8

Лена

Наш дом изменился до неузнаваемости. И дело было даже не в том, что мама поменяла картины на стенах, мебель и другие предметы интерьера, а в том, что исчез привычный уют. Пропал запах выпечки, шум телевизора, смех домочадцев.

Из помещения словно исчезла жизнь. Остались лишь большие окна и вымытый до скрипа холодный каменный пол, укрытый старинным ковром с восточным орнаментом – у него в отличие от безликой мебели наверняка была богатая биография, но к истории этого дома он не имел никакого отношения. Все здесь теперь было чужим и новым, как и я сама.

– Мам! – тихо позвала я.

Приглушенные голоса доносились откуда-то с летней кухни.

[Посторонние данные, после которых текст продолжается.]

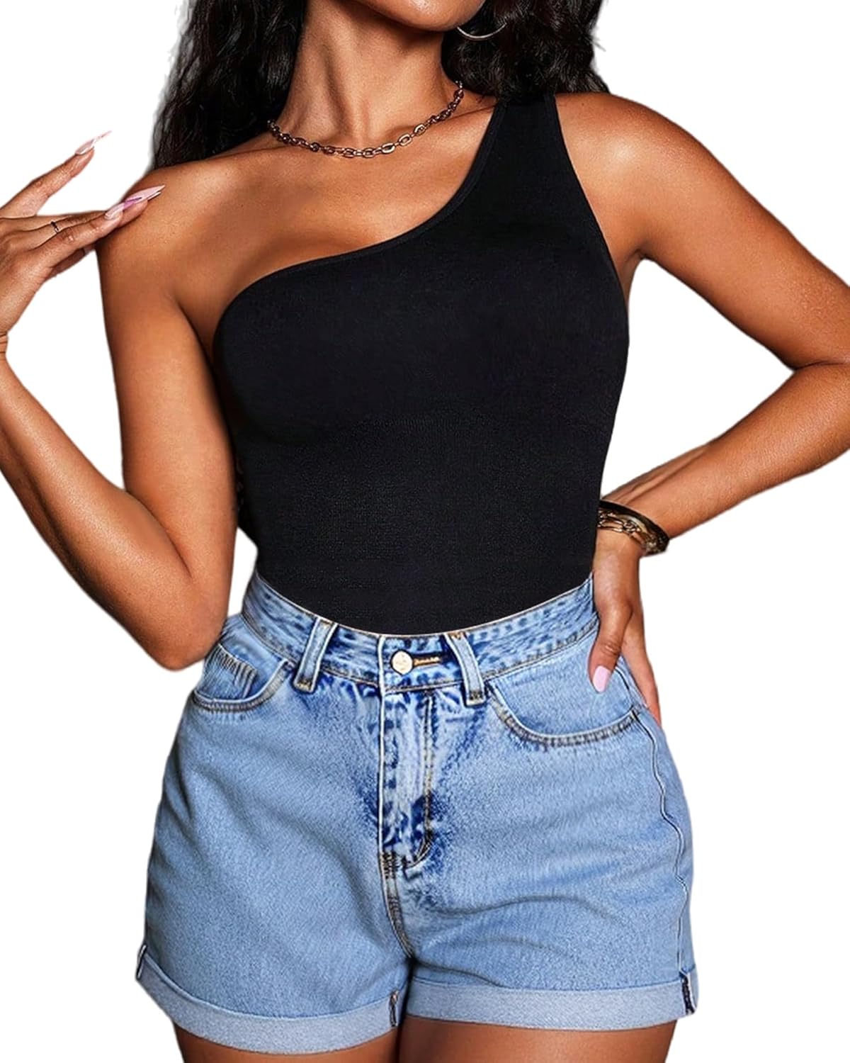 One Shoulder Shapewear for Women, Seamless Tummy Control Thong Bodysuits - Body Shaper for Going Out Tops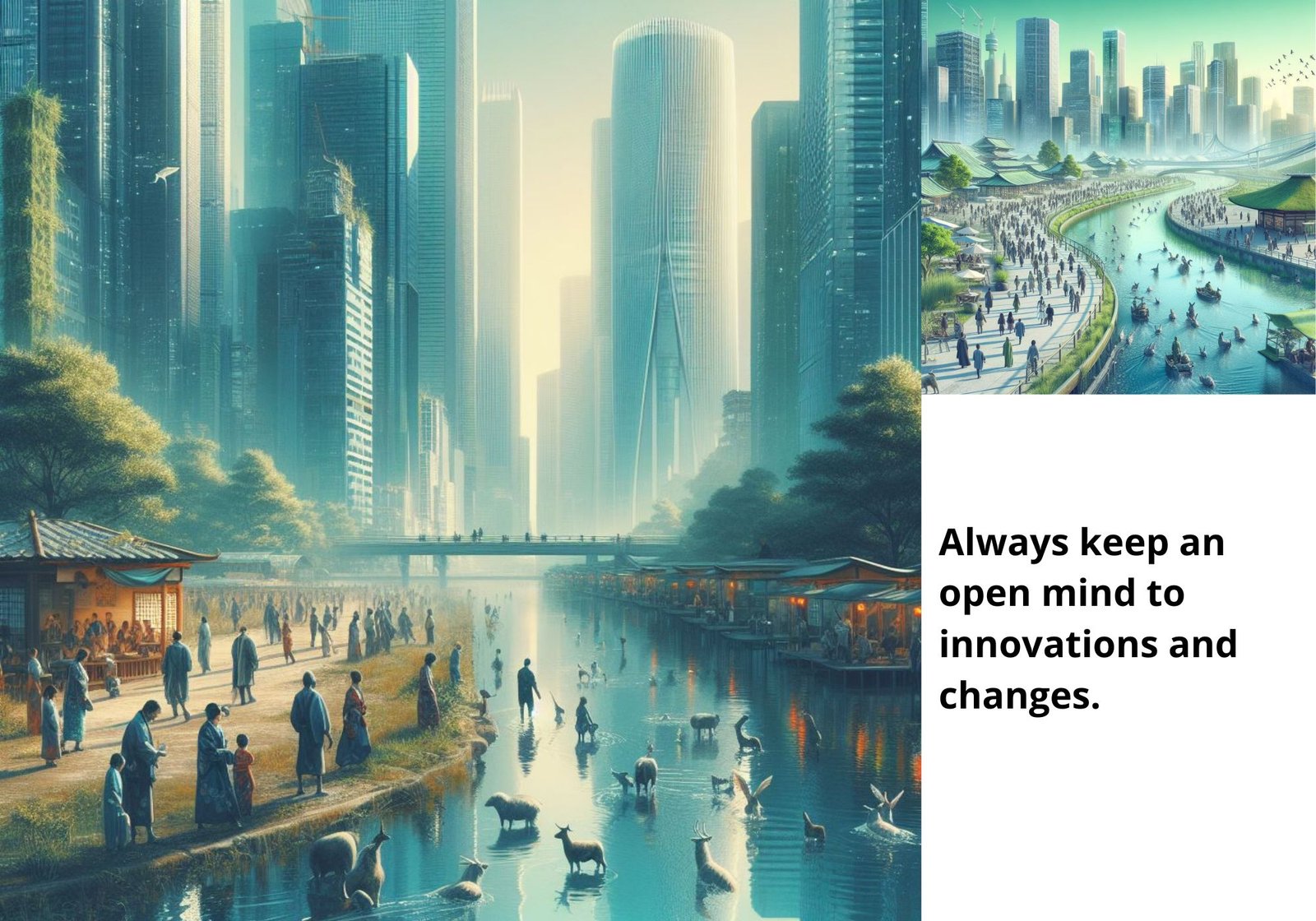 Fone prieš horizontą iškilusi didinga kalnų grandinė, pabrėžianti simbiozinį miesto kraštovaizdžio ir supančios gamtinės aplinkos ryšį. Per miestą teka vingiuota upė, kupina gyvybės, įskaitant žuvis, antis ir gulbes, pabrėžiant vandens kelių svarbą miesto ekosistemose.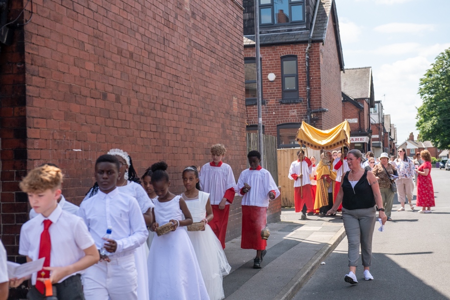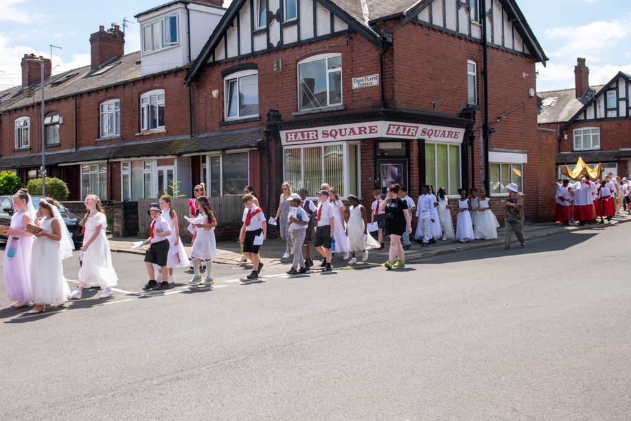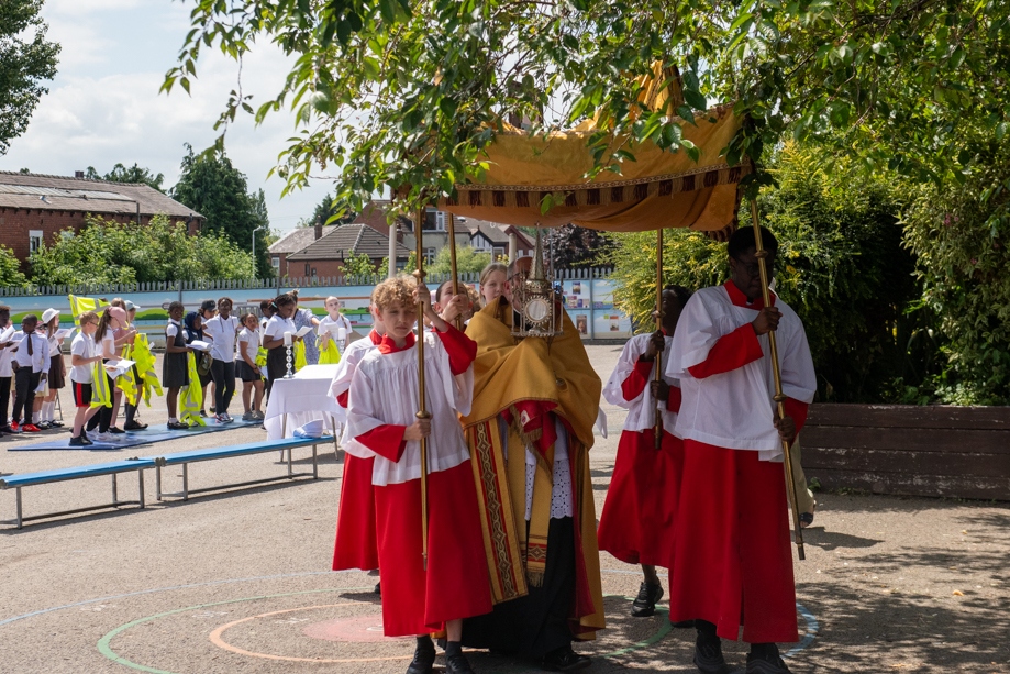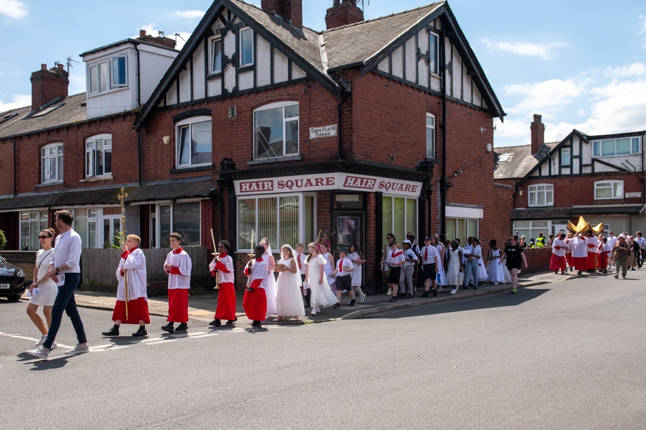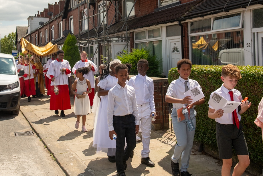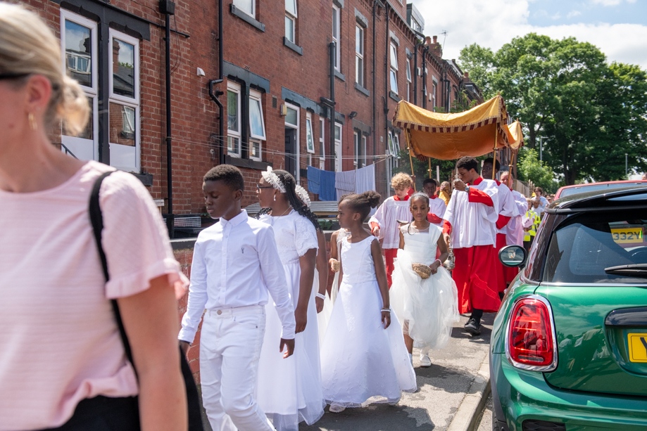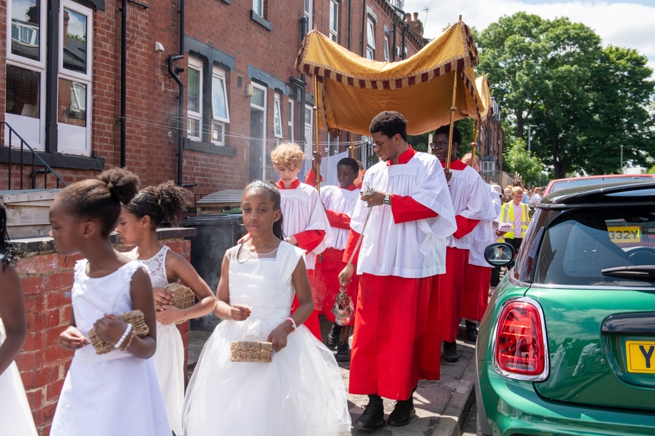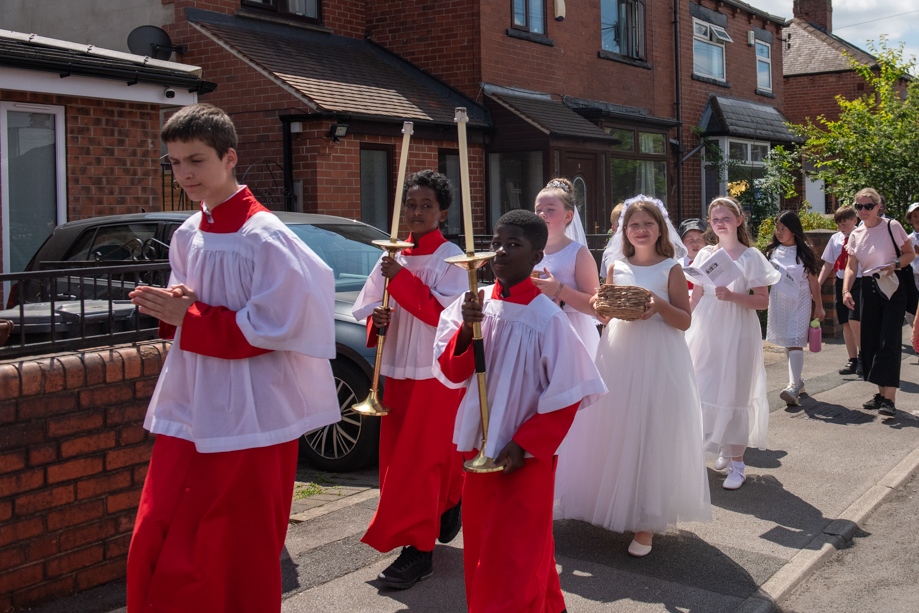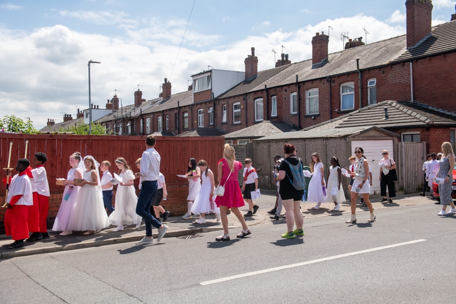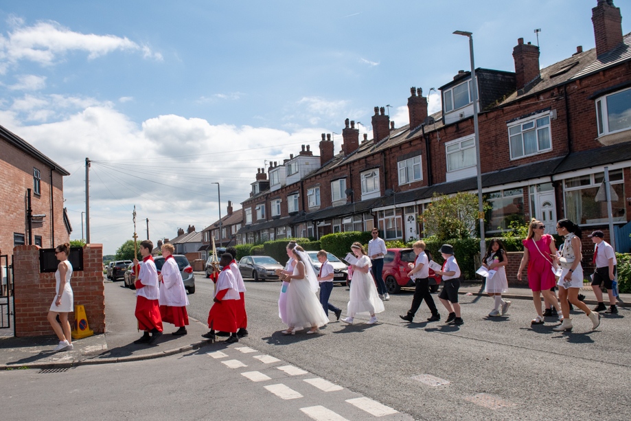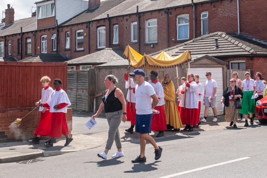 On Monday 24 June 2024, the Corpus Christi Procession took place through the streets of Beeston between St Anthony’s Catholic Primary School, Beeston and St Francis Of Assisi Catholic Primary School in St Maximilian Kolbe Parish, Leeds.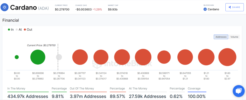 In an accompanying chart in the analysis that lays bare the current situation, it becomes evident that nearly 4 million ADA addresses find themselves in the unfortunate position of holding the cryptocurrency at a loss. This staggering figure represents approximately 89.7% of all ADA holders at the time of this report.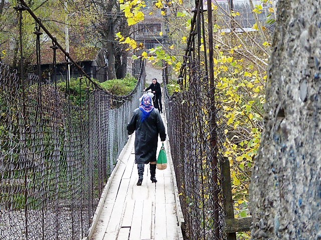 Crossing the river on the footbridge is a precarious business, especially for the elderly.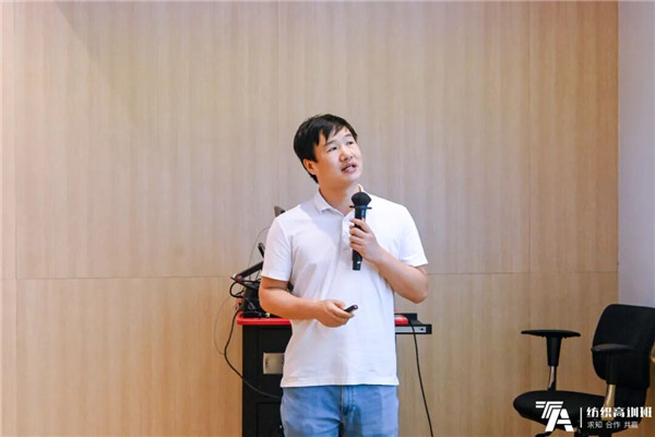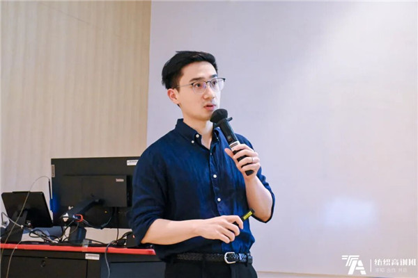 图 | 蒲俊宏 此外,香港理工大学研究助理教授方波、蒲俊宏分别分享了通过良溶剂交换技术制备超细聚苯胺纤维、超韧聚酰亚胺纤维等高技术纤维的研究情况,以及功能高分子复合材料纤维中填料取向调控与高性能化的技术路径。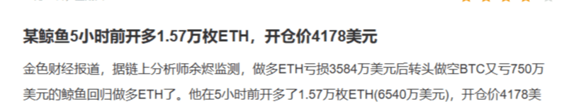情緒面:鯨魚豪擲 1.57 萬枚 ETH(6,540 萬美元)開多,開倉價 4178 美元,清算價 4078 美元,看似和散戶站在同一陣線。

С тех пор как ушел отец, мама прошла несколько стадий привыкания к новой ситуации: сначала она молчала и сутками валялась на кровати у себя в комнате, потом она воспряла духом, принялась за перестановку и все время смеялась, как ни в чем не бывало. Потом снова впала в уныние, а теперь взялась за обустройство сада и веранды. Неужели ей стало лучше?

И вот теперь, шагая по коридору, я слышала ее смех.

– Мам! – повторила я негромко.

– Ой, – хихикнул кто-то.

– Это моя дочь, – раздался мамин голос. И уже громче: – Леночка, это ты?

– Да! – отозвалась я, подходя к кухне, и вдруг застыла, увидев, что мама там не одна. – Э… здравствуйте…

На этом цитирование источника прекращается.